Clyde Jackson Browne (born October 9, 1948) is an American rock singer-songwriter and musician. His introspective lyrics defined his music of the late 1960s and early 1970, studies of personal exploration, soul-searching, and despair set against a decaying society, and the voice of a generation.

Jackson Brown is another GI kid who took the music industry by storm.

Browne was born in Heidelberg, Germany, where his father, an American serviceman, was stationed. He moved to the Highland Park district of Los Angeles, California, at an early age and began singing folk music in local venues. In 1966, he joined the Nitty Gritty Dirt Band.

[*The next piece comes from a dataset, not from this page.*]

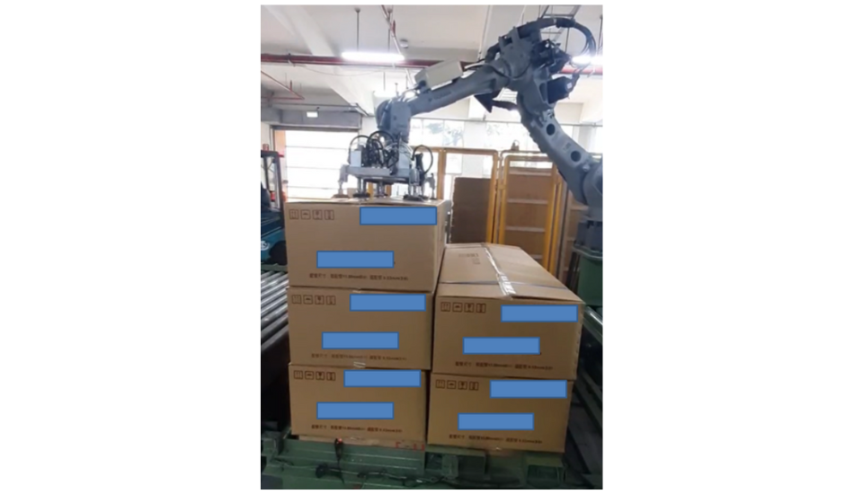 * 此設備搭配安川機械手臂,高自由度六軸XYZ三向軸UVW三向旋轉軸,可吸取30-40公斤之紙箱做堆疊,高度180CM處堆疊高度,減少產線空間,增加堆疊穩定度,減少人員搬運物料所造成勞工傷害。
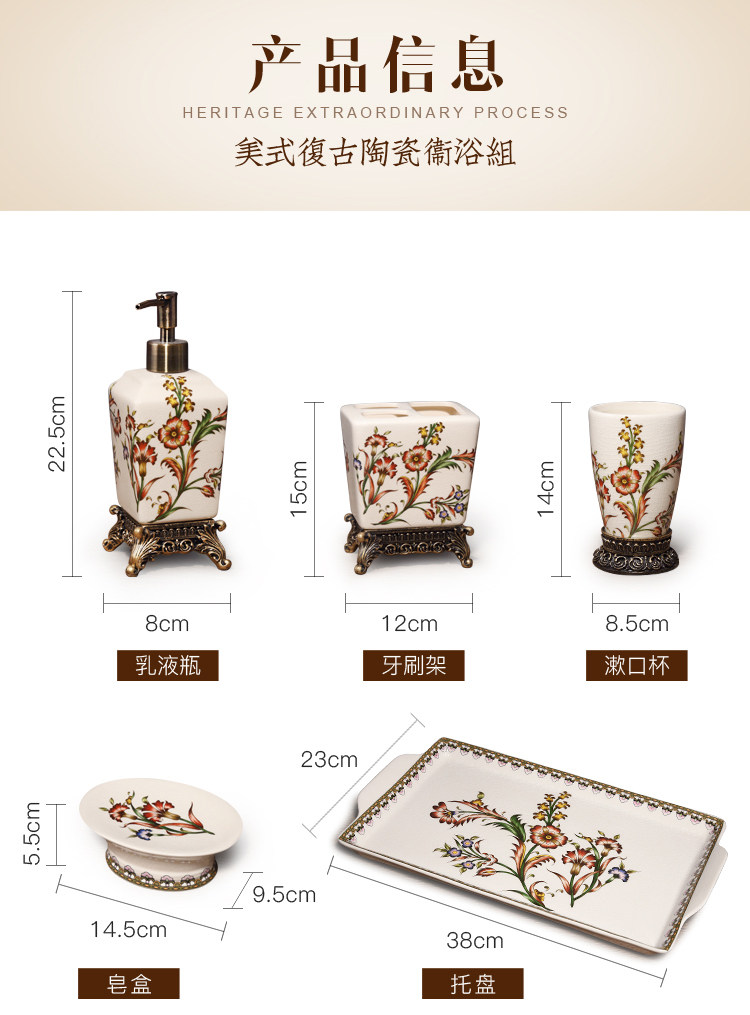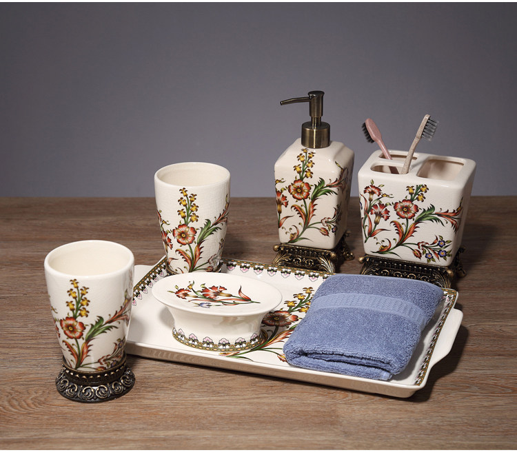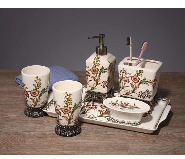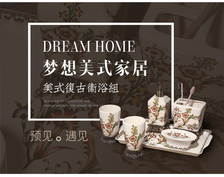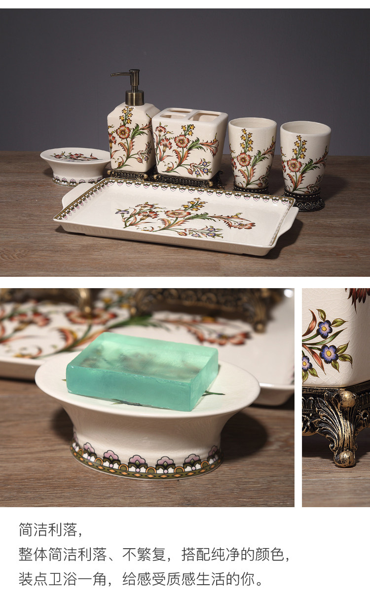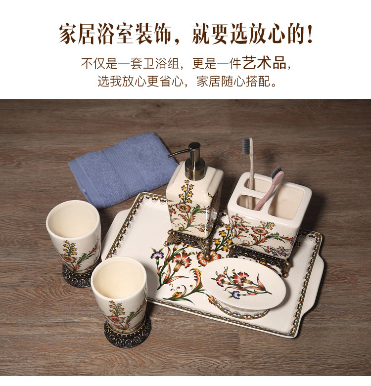 批发欧式裂纹陶瓷卫浴五件套洗手间牙刷杯美式简约漱口杯洗漱套装

A gifted songwriter, Browne's songs were performed by Joan Baez, Tom Rush, The Eagles, Linda Ronstadt, the Byrds and Steve Noonan, among others. After moving to Greenwich Village, New York, Browne was briefly in Tim Buckley's back-up band. He also worked on Nico's Chelsea Girl, both by playing guitar and penning the classic song "These Days."

In 1971, Browne signed with Asylum Records and released Jackson Browne (1972), which included the piano-driven "Doctor My Eyes", a Top 10 hit in the US singles chart. "Rock Me on the Water", from the same album, "Jamaica Say You Will" and "Song for Adam" helped establish Browne's reputation as a versatile and original writer with romantic flair.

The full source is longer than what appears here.